Eglises d'Asie

Aceh : la petite communauté catholique de cette province musulmane à 98 % craint les conséquences d’une éventuelle application de la sharia dans la région

Publié le 18/03/2010




Outre l’insécurité quotidienne causée par les affrontements meurtriers entre membres des forces de l’ordre et indépendantistes acehnais (1), la petite communauté catholique de la province d’Aceh s’inquiète des conséquences de l’application – que la rumeur dit imminente – de la sharia, la loi musulmane, dans la province. Selon le P. Ferdinando Severi, franciscain et missionnaire d’origine italienne, curé de la paroisse du Sacré Cœur de Jésus à Banda Aceh, capitale de la province, “les catholiques sont paniqués” (2). Le P. Severi rapporte que lui et son évêque, Mgr Pius Gonti Datubara, archevêque de Medan, sont allés s’informer auprès du gouverneur de la province, Abdullah Puteh. Ce dernier s’est voulu rassurant, déclarant que “la loi musulmane ne s’applique qu’aux musulmans” et que “les chrétiens peuvent poursuivre leurs activités religieuses et observer le dimanche comme jour chômé”. Cependant, ajoute le prêtre franciscain, “si [la sharia] est effectivement appliquée à Aceh, les catholiques, pour la plupart d’origine chinoise ou venus en tant que migrants d’autres parties de l’Indonésie, rencontreront de grandes difficultés. Les non-musulmans hésiteront à se rendre à Aceh, accentuant d’autant l’isolement de la province”.

Avec 1 300 fidèles, la paroisse du Sacré Cœur à Banda Aceh est l’unique paroisse de cette province, peuplée de 4 millions de personnes, musulmanes à 98 %. En décembre 2000, le président Abdurrahman Wahid, en visite à Banda Aceh, aurait dû déclarer l’application de la sharia dans la région, mais des dissensions entre des oulémas sur place et la population locale avaient provoqué l’ajournement de cette déclaration. Des oulémas souhaitaient promulguer immédiatement la sharia, en application de la loi n° 44/1999 sur l’autonomie régionale, mais de nombreux Acehnais ont fait valoir que leurs revendications ne portaient pas d’abord sur la sharia mais sur le respect de leurs droits et de la justice, en particulier en ce qui concerne la répartition des ressources tirées de la province (gaz) entre l’Etat central et la province.

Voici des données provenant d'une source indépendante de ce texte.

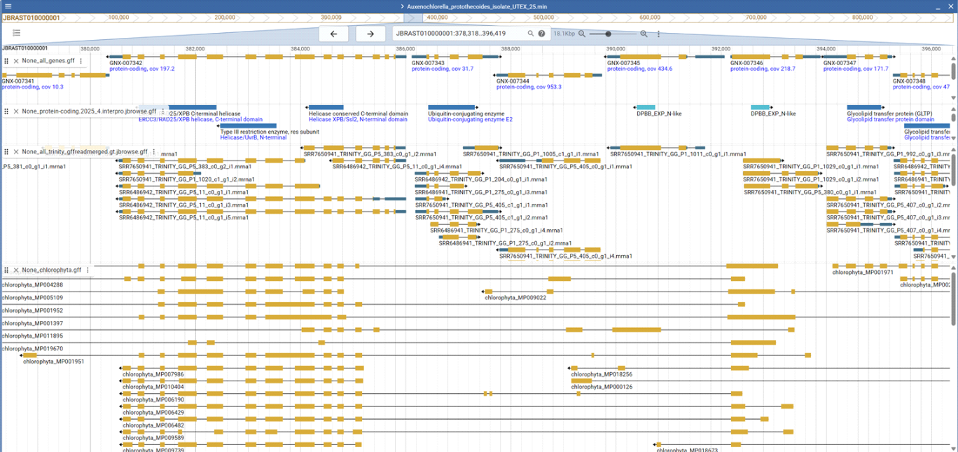 Figure legend: Genome annotation of a green alga. The top tracks display the genome annotation, the middle track shows an independent transcriptome assembly mapped to the genome, and the bottom track shows BUSCO sequences aligned with miniprot.
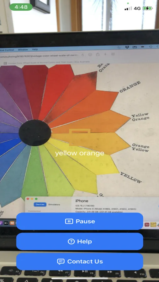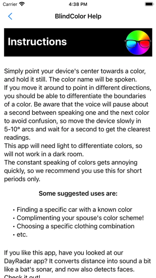 Converts the central pixel of your iPhone or iPad screen into a spoken string identifying that color. It aims to assist low vision or blind people to identify colors. It can be used for identifying the color of cars, clothes, combinations of clothes, and other colors in your world. It can also be used by those with color blindness to identify colors that otherwise might confuse them. It's a simple app but hopefully will help someone with color vision issues.

Selon le P. Severi, de nombreux Acehnais n’apprécient pas que, durant des décennies, sous le régime Suharto et depuis la chute de celui-ci, Aceh ait été un des principaux contributeurs de devises étrangères au budget de l’Etat et que, malgré cela, les Acehnais soient demeurés pauvres. Pourtant, explique encore le missionnaire italien, “les gens – y compris les intellectuels – n’osent pas prendre la parole contre les oulémas ; ils craignent d’être accusés de s’opposer à la religion et d’être considérés comme ‘kafir’ (infidèle)”.

Mgr Ignatius Suharyo, de l’archidiocèse de Semarang, situé à Java-Centre, partage cette analyse. Le principal problème à Aceh est un problème de justice sociale. “Les locaux ont conçu des sentiments de jalousie envers les migrants qui venaient s’installer dans leur province. Ceux-là estimaient que les conditions de vie faite à ceux-ci étaient meilleures”, précise Mgr Suharyo, qui est aussi secrétaire général de la Conférence des évêques catholiques d’Indonésie. Avec la situation qui est celle d’Aceh aujourd’hui, certains de ces migrants sont revenus à Java ; “bien que musulmans, ils ont été expulsés d’Aceh par les Acehnais”, explique-t-il, ajoutant que des organismes catholiques à Semarang s’occupent d’héberger ces migrants partis de puis revenus à Java, et désormais réfugiés dans leur propre province d’origine.